Dejémoslo en que perdí mi hogar; y punto. Aunque con él, perdí también los sueños y la capacidad para recordarlos.
Desde que crucé el mar, algo se hizo aire: las yeguas de pelo rojo que corren por la autopista y las doncellas colgadas en perchas de ropa desaparecieron; también las orugas nacaradas y las chicas con trenzas atadas al pasamanos de una escarela. Y si alguna vez volvieron a mis sueños, perdí la capacidad de relatar su presencia. Desde entonces duermo poco, y mal.

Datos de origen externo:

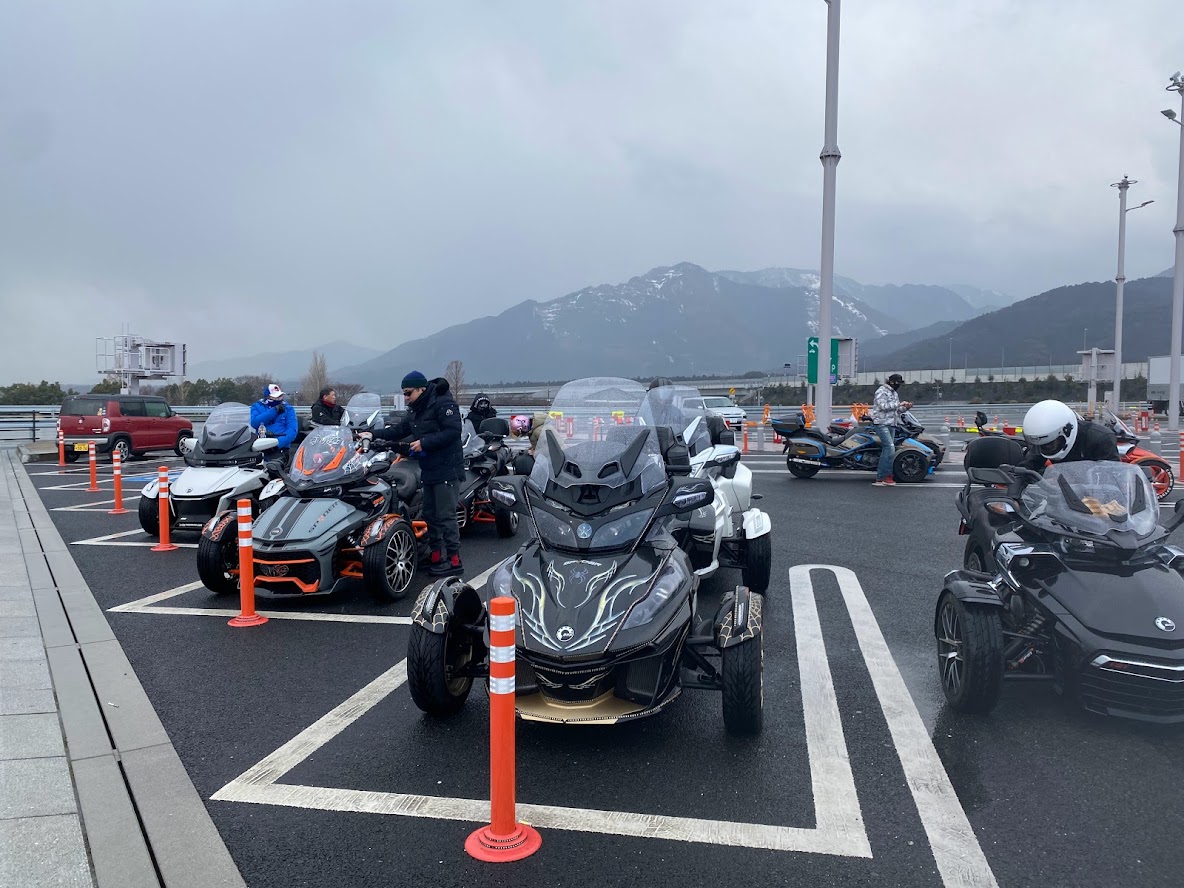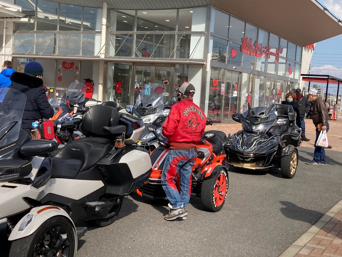 気温も上がって 気分もさらに上がってまいりました! 久しぶりに20台越えのスパツーとなりました。 鈴鹿PAの2km手前で・・・ がっつり雨に降られましたが 休憩している間に 晴れてきました。 知多半島道路 阿久比PAで 東海スパイダーズと合流です。 本隊は集合時間30分前に到着しましたが 東海スパイダーズはなんと 1時間前に 到着されていたそう・・・。 まるは食堂さんに12時着 26名様で 予約します。 大人気のお店で この時期でも 大繁盛です! ・・・予約してなければ、いまごろ 大変なことになっているとこでした。 名物巨大エビフライ。刺身もプリプリです。 食後のルートの段取りを してくださる 東海スパイダーズさま。 このあと セントレア空港方面の めんたいパークまでツーリングする事に。 かねふく めんたいパーク 駐車スペースもうまく確保。 場所柄 風は強かったですが 日が差していたので わりと快適でした。 帰りの新名神に 脚立が落ちていて 焦りました。 今回もなんとか 明るいうちに 戻れました。 来月も楽しみましょう!

Ni el hogar ni los sueños, aunque sí los estadios, los trenes y los bares con libros marcados por servilletas. Nuevos y mejores hogares para el viajero que ahora soy. Pierdo y colecciono con la misma velocidad. En esa ruta, cada ciudad se ha convertido en abrazo, y aunque Barcelona casi me asfixia con su apretón marino, no había encontrado en ninguna el tufillo de los sueños, ese algo que no existe por más que lo parezca.
Casi ningún sitio de los que he visto desde que crucé el mar existe de esa forma combustible en la que todo se consume al tiempo que ocurre, y que, como los sueños, sólo permanece si alguien lo escribe en un papel. Supongo que los aturianos, destinatarios de esta carta, se preguntan por qué esta mujer les habla de vapores, yeguas rojas, montañas y sueños. Tienen razón.
Llegó la hora de dar un motivo.
En Asturias he vuelto al hogar que perdí al cruzar el mar. No es uno, ni el definitivo, pero sí el primero después de una larga abstinencia.Un lugar dónde pasar los días y volver a confiar en las ventanas. Porque algo en sus montañas recupera los sueños y apacigua las noches: los árboles y las carreteras que alguien cocina entre la niebla; los grillos de patas violinistas, o el río limpio, de piedras blancas, siempre a punto de mar.
Por eso, en el desaliño de las carreteras, me ha dado por silbar dulcemente, para ver si así regresan los sueños, de una buena vez y para siempre.